Book Review: Without a Claim

Without a Claim, by Grace Schulman is her seventh published collection of poetry. Schulman holds a PhD from New York University and is Distinguished Professor of English at Baruch College CUNY. She has taught poetry at Princeton, Columbia, and other universities. Schulman has served as Poetry Editor at the Nation, and director of the Poetry Center. Her work has also appeared in numerous journals. 

Without a Claim is the most traditional collection of poetry I read this month. Not rantings or socio-economic messages, but poetry like you read in English Literature class, almost magical. It takes the reader to a place where he or she can say, “Yes, this is what poetry is!” My first thoughts in reading were “This reminds me of Leaves of Grass.” Not necessarily in topic, but in feeling. It’s when you pick up the book with the idea of reading for half an hour and seemingly minutes later, you realize that four hours have gone by. My feeling of a Whitman influence was well grounded. Early on in the collection is the poem “Variations on a Line by Whitman.” 

“Shadow” is a poem of about Paris singer and her relationship with a black American (soldier) trumpet player. Although not mentioned in the poem, after WWI black soldiers who married French women were given the choice of staying in France or going home…alone. This could very much be that story. There is history in the collection, but it is the background to the poetry rather than the subject. 

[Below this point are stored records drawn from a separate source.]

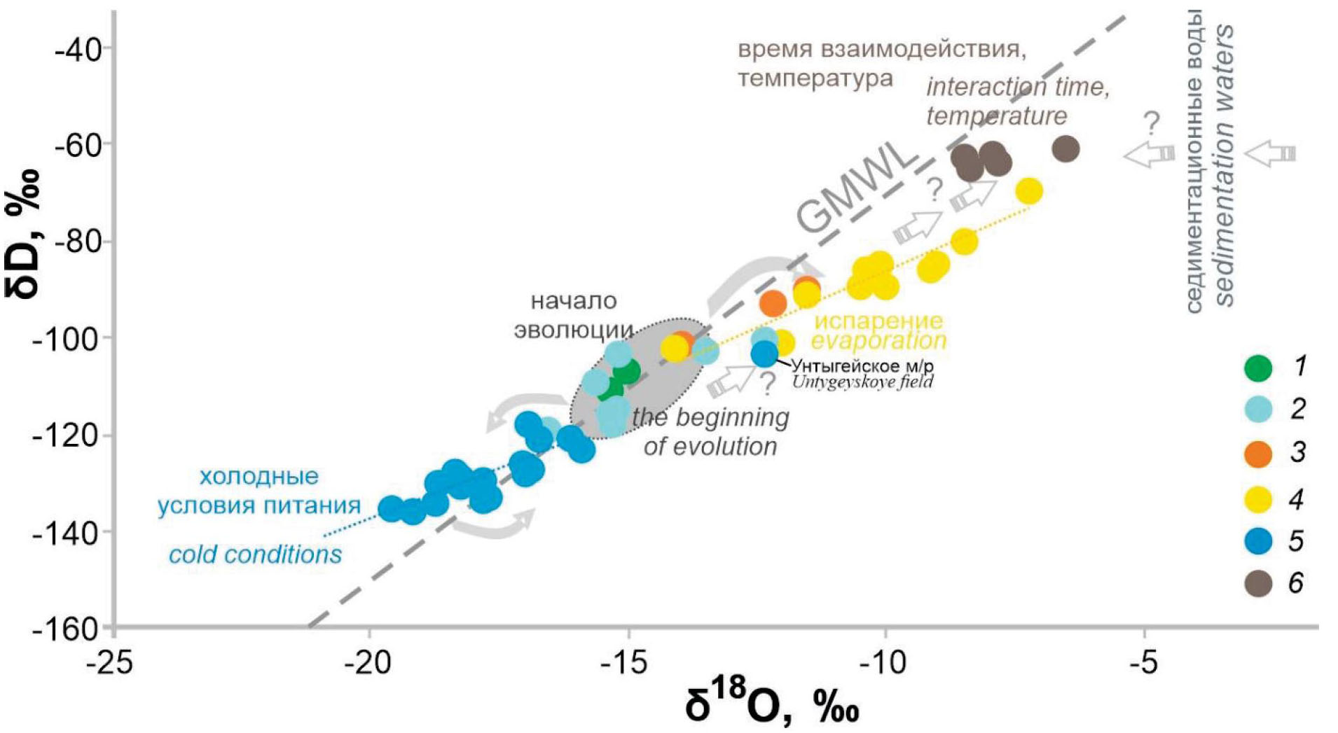 Намного глубже, в отложениях нижнего этажа, совершенно другая картина. В водах апт-альб-сеноманского водоносного горизонта (~1200 м) наблюдается значительное утяжеление изотопного состава: значения δD составляют от –64,2 до –60,3 ‰ при δ18О от –8,5 до –6,5 ‰. Проследить полную эволюцию изотопного состава вод в интервале глубин от 200 до 1200 м не представляется возможным, поскольку на текущий момент мы не располагаем полным объемом данных. По-видимому, промежуточное положение между водами верхнего и нижнего этажей занимает проба из атлым-новомихайловского горизонта Унтыгейского месторождения со значениями δD –103,1 ‰ и δ18О –12,3 ‰ (рис. 2), выбивающаяся из этих двух групп точек. Можно сделать вывод о том, что, по мере просачивания вод из зоны активного водообмена в зону замедленного и весьма замедленного водообменов, изотопный состав воды значительно утяжеляется, особенно по кислороду (КС от 0,5 до 2,3 ‰). Данный эффект довольно ожидаем для вод глубоких водоносных горизонтов и объясняется наличием более высоких температур на глубине и достаточно длительным взаимодействием подземных вод с вмещающими алюмосиликатными горными породами, для которых характерны значения δ18O на 20–30 ‰ тяжелее, чем в водах [32]. При относительно длительном времени взаимодействия происходит изотопный обмен «легкого» кислорода вод с «тяжелым» кислородом пород [33].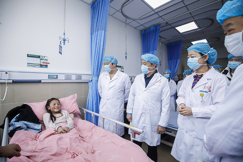 徐鵬一行還參觀(guān)了燒傷創(chuàng)瘍科、兒科等科室。一個(gè)因翻車(chē)壓傷造成跟骨外露并拒絕做手術(shù)的西藏小女孩,在燒傷創(chuàng)瘍?cè)偕t(yī)療技術(shù)的治療下,正在很好的復(fù)原中,不會(huì)講漢語(yǔ)的父親一直豎著大拇指,表達(dá)著對(duì)醫(yī)生的謝意,對(duì)技術(shù)的贊美。這一幕深深觸動(dòng)了現(xiàn)場(chǎng)的每一位來(lái)訪(fǎng)者,中國(guó)人民對(duì)外友好協(xié)會(huì)美大部副主任吉擁軍表達(dá)了自己特別的感動(dòng)之情,并表示再一次在現(xiàn)場(chǎng)切實(shí)感受到了“生命再生”項(xiàng)目的意義,感受到了源自中國(guó)的燒傷創(chuàng)瘍?cè)偕t(yī)療技術(shù)通過(guò)“生命再生”行動(dòng)走向世界的價(jià)值。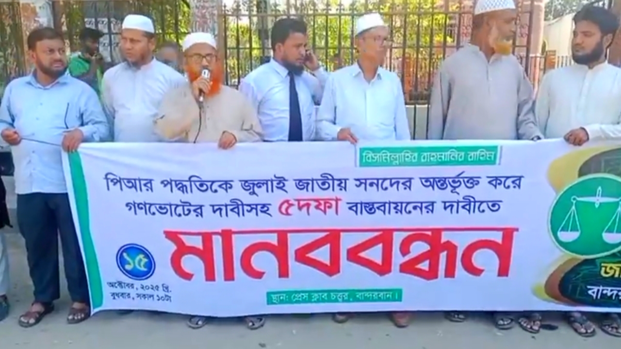 প্রোপোরশনাল রিপ্রেজেন্টেশন (পিআর) পদ্ধতিসহ পাঁচ দফা দাবিতে বান্দরবান জেলা জামায়াতে ইসলামীর উদ্যোগে মানববন্ধন কর্মসূচি অনুষ্ঠিত হয়েছে।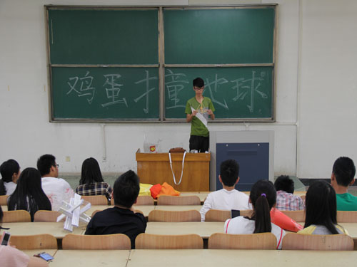 上午进行的鸡蛋撞地球比赛规则很简单,各参赛选手从三楼将包有鸡蛋的装置投到指定地点,要求鸡蛋落地不破损,落点准确。选手们丰富运用自己的创造力,或用塑料袋、或用气囊作为缓冲装置,作为评分标准之一的外形同样是创意非凡,气球、降落伞、弹簧等等各式造型应有尽有。随着比赛哨声响起,各组同学将鸡蛋抛出,楼下的观众屏息凝视,当一个个鸡蛋最终撞到地球时,欢呼声、叹气声、喊声、掌声此起彼伏,让同学们感受到了科技活动带给他们的快乐和激动。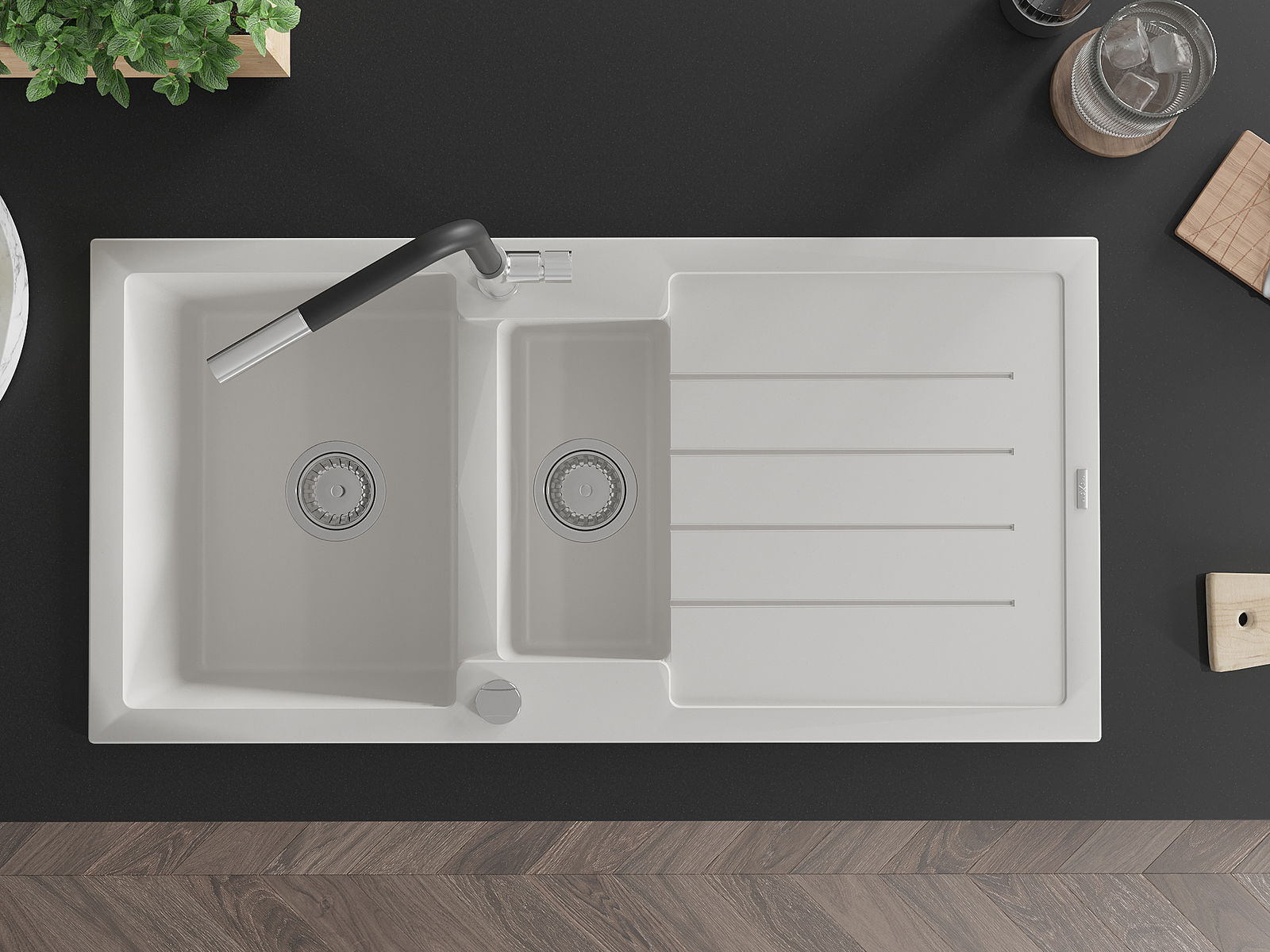 La surface de l'évier est très bien trempée et se distingue par une résistance exceptionnelle aux dommages mécaniques et aux rayures. Ce matériau durable vous permettra de profiter de son bel aspect pendant de nombreuses années.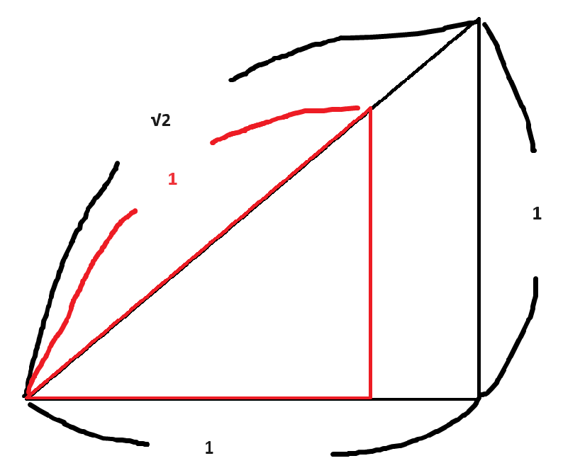 그리고 이때 빗변의 길이는 √2이므로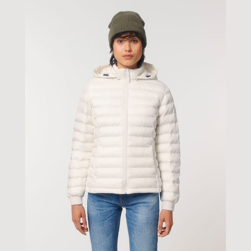Elegáns steppelt dzseki magas gallérral, levehető kapucnival, állítható szegéllyel és letisztult cipzáras zsebekkel. Karcsúsított.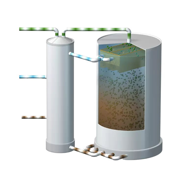 Biobed® Advanced EGSB (Expanded Granular Sludge Bed) is used to treat the effluent and produce biogas from an extremely compact, high-performance anaerobic treatment. The system is designed for 244 Nm3/h of biogas which delivers 600 kW of electricity and an additional 720 kW of heat. Following the AD treatment, a crossflow type aerobic Membrane Bio Reactor is used as a further biological treatment stage and from here the permeate is returned to the process. The organic sludge and residues that remain from the water treatment may be used as a fertilizer for crops.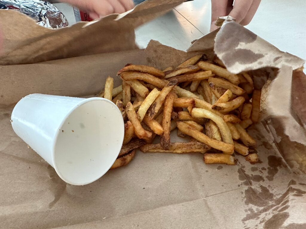 そして驚くべきはポテトの量。一番小さいサイズを頼んでもカップから溢れ出すほどで、そのサービス精神にはいつも圧倒されます。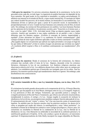 El documento aborda la idea de que la ley de Dios es perpetua e inmutable, resaltando su importancia en la comunicación de la salvación y la consistencia del carácter divino. Se sugiere que, aunque la obediencia no es innata en el ser humano, el Espíritu Santo puede otorgar fuerza para cumplir con la voluntad divina. Además, se discuten las implicaciones de vivir de acuerdo con la ley y la necesidad de fomentar un entendimiento positivo de sus mandamientos en la comunidad cristiana.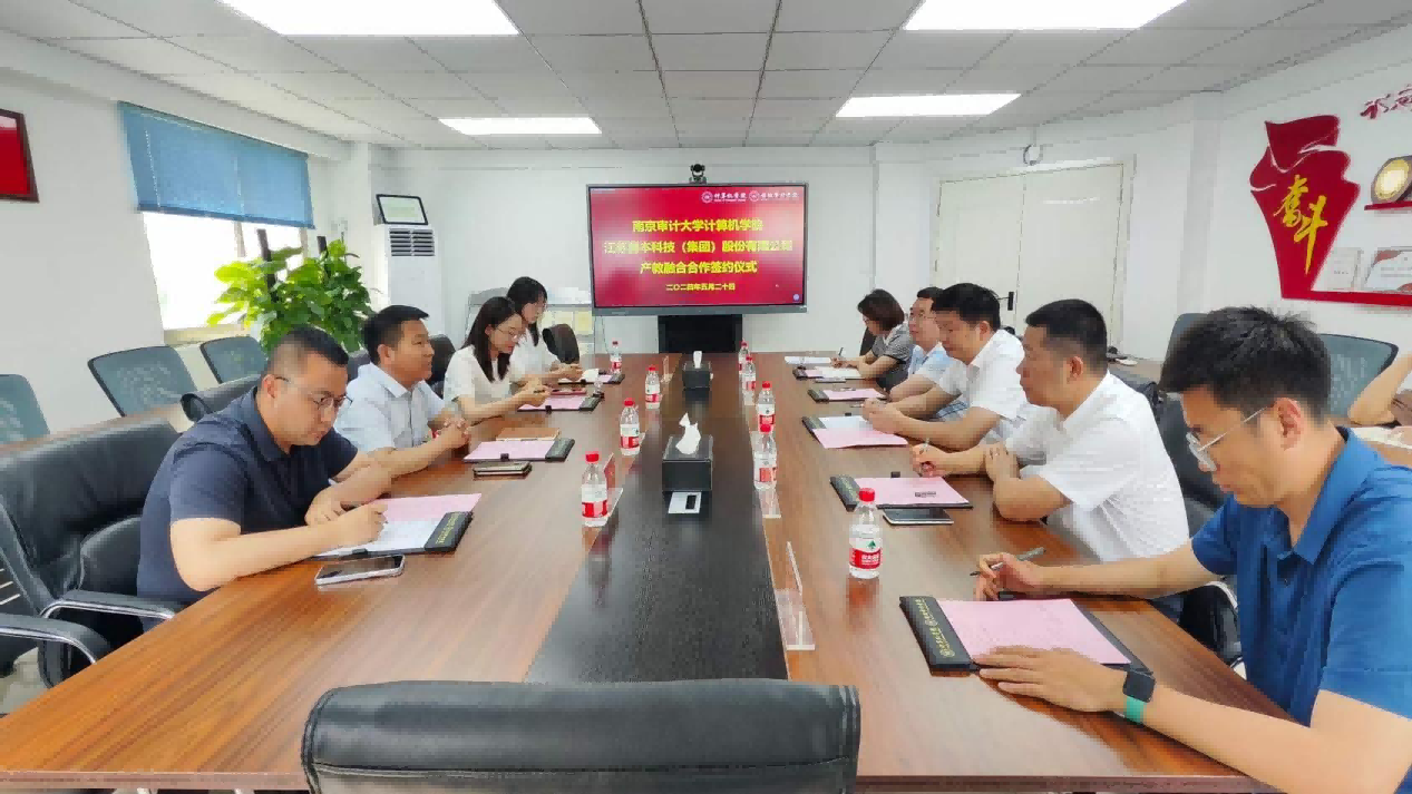 2024年5月20日,江苏evo视讯官网科技集团与南京审计大学计算机学院在南京审计大学致明楼308会议室成功举办了产教融合签约仪式,南京审计大学计算机学院院长徐超、副院长郭红建、系主任崔应留、院长助理吕从东、党政办主任苟丽华、江苏evo视讯官网科技集团董事长张福德、总经理唐佩等出席签约仪式。

“Love in the Afternoon” is a poem that on the surface is about butterflies, but seems to be more about poetry and its grace and subtle movements. Here the beauty of nature manifests itself as poetry. “Green River” takes us to a country cemetery and we meet to those interred. They speak to us through their stones and leave us wanting to ask the dead a question. We know what the answer will be, but we ask anyway. Perhaps the cemetery shows us that in life, as much as in death, that we all want the same thing and no matter who we are, we all connected by something as simple as a gravel path. 

Without a Claim is poetry that is enchanting and you will read it and reread it again. There seems to be something to be gained at each reread. The imagery crystal clear and enticing. This is a work that you will want to keep and read over and over again. Simply an amazing experience.